Tuesday, August 11, 2009
Martian Knock-Offs: The Incredible Hulk
So you're asking yourself, what would I have in common with a muscle-bound simpleton like the Hulk? Well you see, this big gray lug first popped up back in 1962, but he didn't exactly make a splash. Been there. By then I'm sure folks had their fill of Frankenstein types. I went with "alien visitor," which wasn't so fresh by '55. Klaatu barada nikto, and all that. But y'know, in the second issue of Hulk's book, he turned from gray to green. Even though his series was canceled with issue six, that emerald hue I know so well has that certain something that can nab a guy steady work as a back-up. Heck, he actually split Tales to Astonish with Sub-Mariner, the way I timeshared House of Mystery with good ol' Robby Reed. Eventually, Hulk took over the entire magazine. My house became infested with anthology horror, but them's the breaks.
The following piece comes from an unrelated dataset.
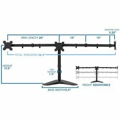 - Each arm holds a flat-panel monitor up to 32″ for versatile use
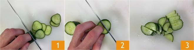Para preparar o sanduíche de pepino e queijo de cabra, comece cuidando dos pepinos: lave-os e corte-os em fatias bem finas 1. Corte então uma parte das fatias ao meio 2 e reserve-as 3.

Hulk become a well-known but only partially respected fixture of the Marvel Universe, his title perpetually on the verge of cancellation for twenty years. I know exactly what that's-- waitaminute! That could've been me! Hulk steal Manhunter dream life! Martian smash!
My main problem with the Hulk though is that nine times out of ten, a kid points to one of my action figures, and goes "look, it's the Hulk!" Sure I've bulked up over the years, and the Hulk's had a pronounced brow at times, but you'd think my complete and total lack of hair might tweak the little buggers' puny ape brains something was amiss! Complimentary colors aside, this is why I never, ever wear purple. Hey-- kid... cape. Word to your mother. Your young are morons, human.